Now I would have thought - if there's one person who might remember .... :wink:


----------



## V6RUL (May 28, 2009)

Is it from Richard the Lion Heart days.. :lol: :lol:


----------



## les (Jul 24, 2006)

les said:


> [ Ermmm John, its all getting to you mate. Keep taking the tablets but double the dose, have an early night and say 3 hail Marys before bed there's a good chap. [smiley=gossip.gif] Oh and don't forget your sleeping pills and Horlics. :roll:


Now I would have thought - if there's one person who might remember .... :wink:[/quote]

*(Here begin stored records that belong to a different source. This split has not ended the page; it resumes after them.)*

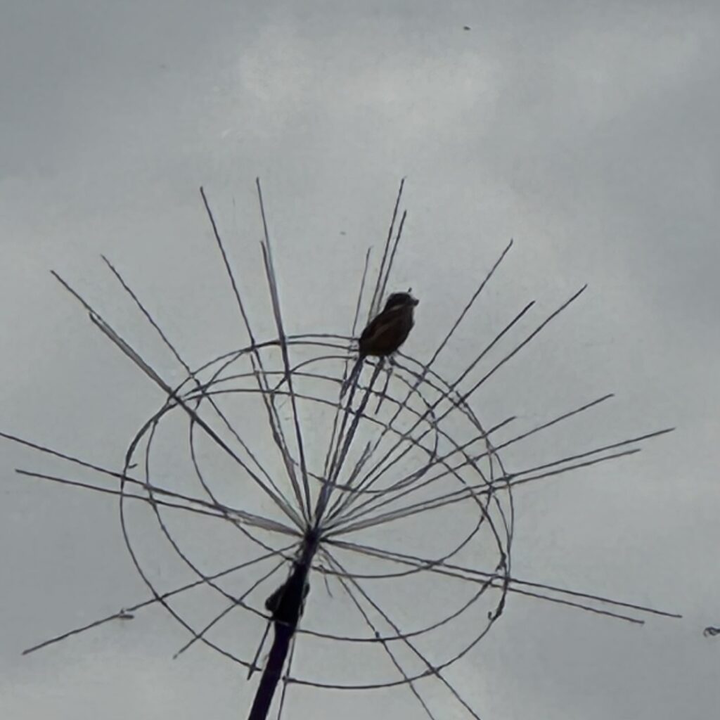 そしてモズ子ちゃんが塔の上に止まっていました。
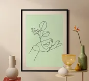 Scopri la stampa d'arte in legno con cornice 'Full inside' di AESTHETIC VIBES by Isabel. Questo design minimalista e botanico porta un tocco di eleganza e serenità in ogni ambiente. Ideale per trasformare il tuo soggiorno, studio o camera da letto con un'atmosfera rilassante.
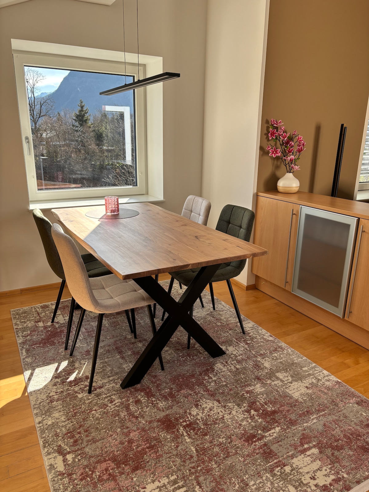Die Wohnung liegt am Stadtrand von Bludenz und verfügt über einen großzügigen Abstellraum für Sportgeräte sowie eine eigene Waschküche mit Waschmaschine, Trockner und der Möglichkeit, Bekleidung aufzuhängen. Supermärkte sind in ein paar Minuten zu Fuß erreichbar. Bushaltestellen befinden sich in unmittelbarer Nähe, zum Bahnhof gelangt man in kurzer Zeit. Bludenz ist der ideale Ausgangsort in verschiedene Wander- und Schigebiete. Arlberg, Sonnenkopf, Montafon, Golm, Gargellen, Brandnertal…).

Well if you can answer my question I might just answer yours. Somebody with the initials of LR :wink:


----------



## seasurfer (Apr 10, 2009)

Wow, that took a bit of reading, John-H and Les, but no wiser 

I see you have added a nice acolade to your avitar Les, well deserved 

Gill


----------



## V6RUL (May 28, 2009)

And mine has changed Gill but youve only seen me in a Range Rover TTRS... :lol: :lol: 
steve


----------



## seasurfer (Apr 10, 2009)

Steve, are you in one of the pics on the Walney article? Ive got you in the middle of the TT's on video in the range rover arriving in the car park.

Gill


----------



## les (Jul 24, 2006)

seasurfer said:


> Wow, that took a bit of reading, John-H and Les, but no wiser
> 
> I see you have added a nice acolade to your avitar Les, well deserved
> 
> Gill


No wonder it took a bit of reading and your no wiser, with all this rain today its just a bit DAMP Gill :roll:


----------



## les (Jul 24, 2006)

les said:


> seasurfer said:
> 
> 
> > Wow, that took a bit of reading, John-H and Les, but no wiser
> ...


Gill, you BOWLED me over yet again :wink:


----------



## seasurfer (Apr 10, 2009)

John, is yours from the two Ronnies ?

Gill


----------



## les (Jul 24, 2006)

seasurfer said:


> John, is yours from the two Ronnies ?
> 
> Gill


Gill you do disappoint me .. There's a BIG clue to it in my reply :roll:


----------



## seasurfer (Apr 10, 2009)

Yes, got it, Reggy Perrin - leonard Rossiter    what do i win :lol:

Gill


----------



## seasurfer (Apr 10, 2009)

Wow, we are on form tonight - the other one is TRB initials 

Gill


----------



## les (Jul 24, 2006)

seasurfer said:


> Wow, we are on form tonight - the other one is TRB initials
> 
> Gill


 Shhhhhh Gill :wink:


----------



## V6RUL (May 28, 2009)

seasurfer said:


> Steve, are you in one of the pics on the Walney article? Ive got you in the middle of the TT's on video in the range rover arriving in the car park.
> 
> Gill


yes, thats me i parked next to mattb who was in his volvo.
steve


----------



## John-H (Jul 13, 2005)

les said:


> seasurfer said:
> 
> 
> > Wow, that took a bit of reading, John-H and Les, but no wiser
> ...


Yes the SUNSHINE seems to have DESERTED us and the weather has turned GROTTY :wink:


----------



## aidb (Mar 19, 2003)

Just got my copy. Excellent read. Big thanks to all involved.


----------



## davidg (Sep 14, 2002)

Well done to all [smiley=mexicanwave.gif] [smiley=thumbsup.gif]


----------



## V6RUL (May 28, 2009)

Not got it yet but i am in Switzerland and not home till Fri.
steve


----------



## John-H (Jul 13, 2005)

I've not got mine yet either :roll:


----------



## les (Jul 24, 2006)

John-H said:


> I've not got mine yet either :roll:


Try paying ya membership fees then like the rest of us ya free loader :lol:


----------



## jammyd (Oct 11, 2008)

Les... when you due to pay me again?


----------



## les (Jul 24, 2006)

jammyd said:


> Les... when you due to pay me again?


 I have NEVER paid you so it can't be again  When are you due to send me a reminder out then :lol: 
BTW I never started the rumour that the committee don't pay membership dues  Nope not me officer. :!:


----------



## YELLOW_TT (Feb 25, 2004)

I want mine but I have to wait untill I get to ADI [smiley=bigcry.gif]


----------



## jammyd (Oct 11, 2008)

YELLOW_TT said:


> I want mine but I have to wait untill I get to ADI [smiley=bigcry.gif]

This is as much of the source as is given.